As the only release of childhood cancer data where multiple types of different cancers are all analyzed together, the PPTC offers a unique resource of genetic data as well as response data to different drugs.

“Making that available broadly will allow other researchers to either not repeat experiments that are doomed to fail or extend experiments that look very interesting,” Dr. Maris said.

The Penn Center for Nutritional Science and Medicine (PenNSAM) brings researchers from the University of Pennsylvania and Children’s Hospital of Philadelphia together to investigate nutritional biology in the prevention and treatment of disease.

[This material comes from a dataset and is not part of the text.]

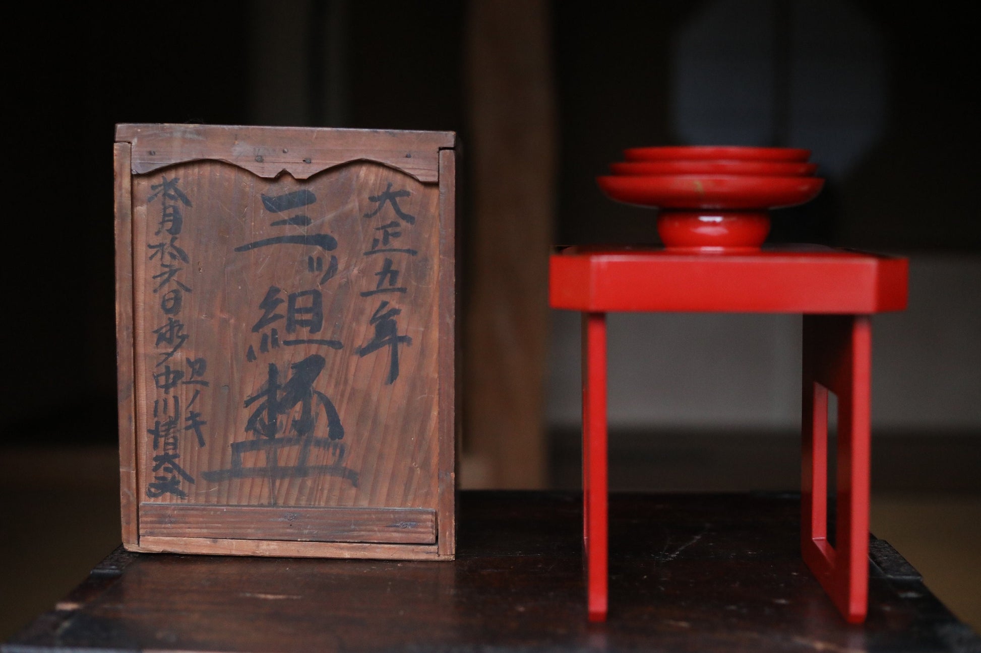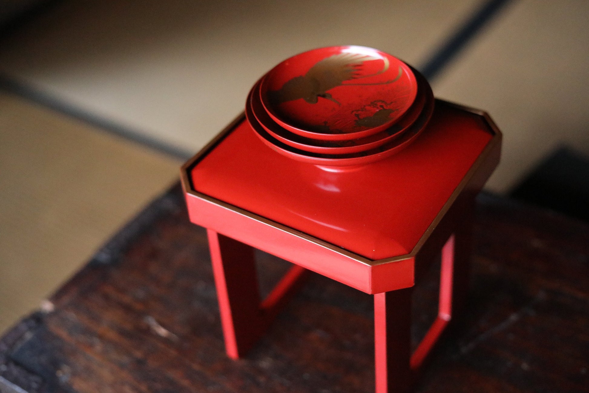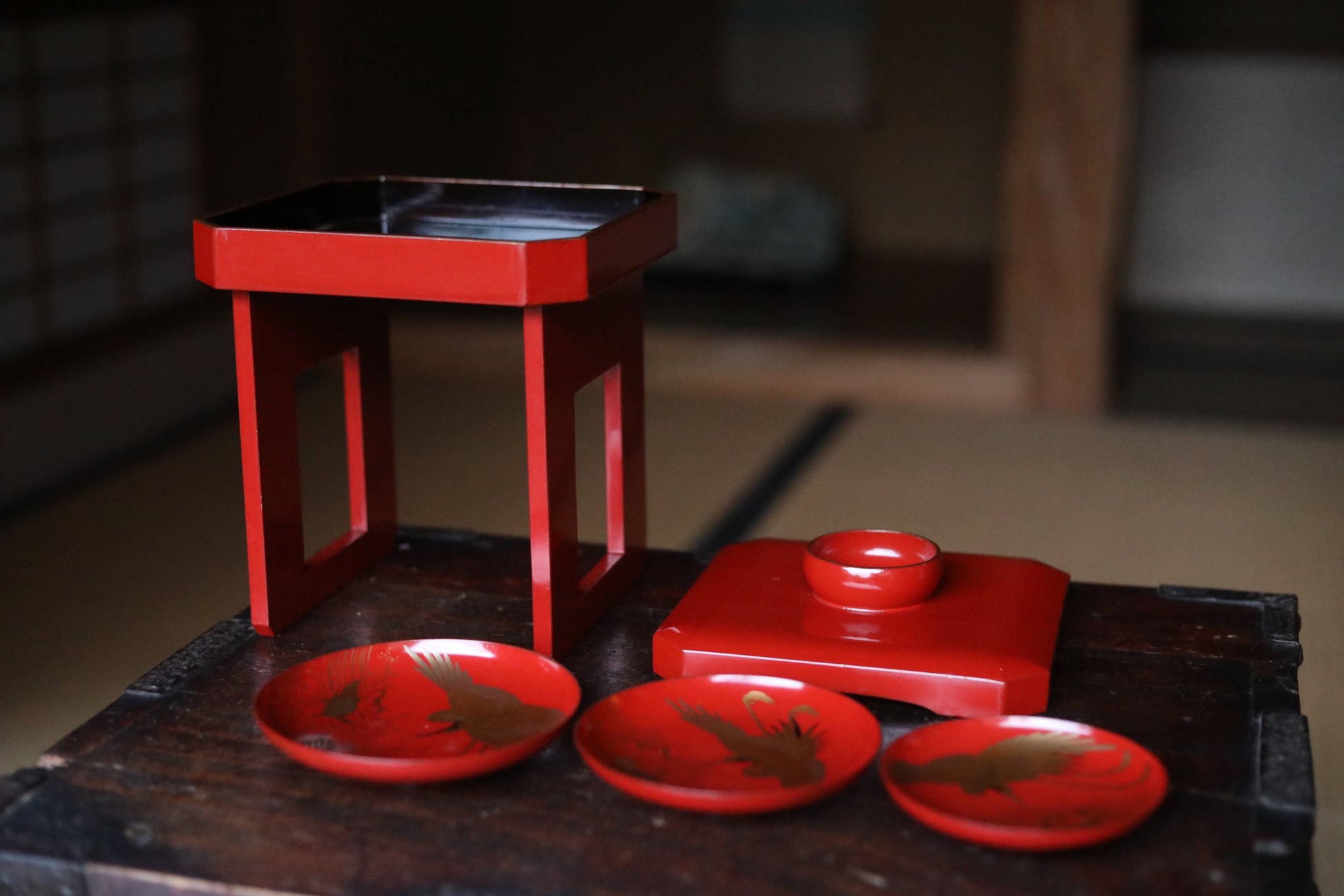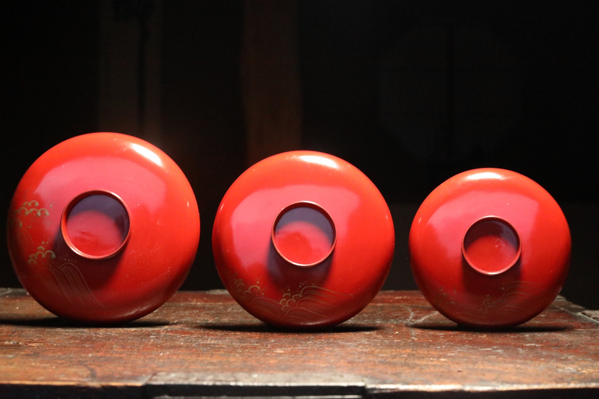 FINE! Set of 3 red gold lacquer MAKIE wooden sake cups with bards crane and turtles, Japanese Antique 1916s sakazuki urushi 4.9in/12.5cm

Under the direction of Gary Wu, MD, academic investigator in childhood obesity research at CHOP and a member of the Division of Gastroenterology at Penn, PenNSAM will focus on integrating human clinical metadata, traditional dietary assessments, and standard nutritional biomarkers with data generated by high-throughput molecular profiling technologies and analyzed through advanced biostatistical and computational algorithms. These capabilities enable the PenNSAM team to employ a holistic approach using genomics, proteomics, and metabolomics, combined with immune profiling, to further understanding of the impact of nutrition on human health.

Drawing on the knowledge of Penn and CHOP experts in disciplines ranging from psychiatry, neuroscience, and medicine, to immunology, biochemistry, and bioinformatics, PenNSAM is a uniquely resourced center for the advanced study of human nutrition. This multidisciplinary approach also bridges the divide between human subject and wet bench research, enabling investigators to develop model systems designed to more precisely identify and characterize molecular mechanisms that drive the human response to diet and nutrition.

Advanced analytic technologies available through the support of the Human Subject Research Core, Biobanking Core, Computation and Biostatistics Core, Quantitative Proteomics Resource Core (QPRC), PennCHOP Microbiome Program, and the Human Immunology Core at Penn allow a systems approach to human nutritional biology.

Projects currently under development at PenNSAM include studies focused on the impact of diet on brain function through the consumption of a ketogenic diet, the characterization of molecular markers that distinguish a healthy Mediterranean diet from an unhealthy “convenience diet,” and a study focused pancreatic insufficiency.

“The close collaborative relationship between CHOP and Penn will facilitate the implementation of projects such as the ketogenic diet study, where studies will be performed at both institutions,” Dr. Wu noted.

PenNSAM researchers envision their holistic approach will lead to reducing the risk for disease by identifying new biomarkers that predict human responses to diet and nutrition, optimizing currently available nutritional interventions for hospitalized patients, and developing novel diet-based interventions to treat disease.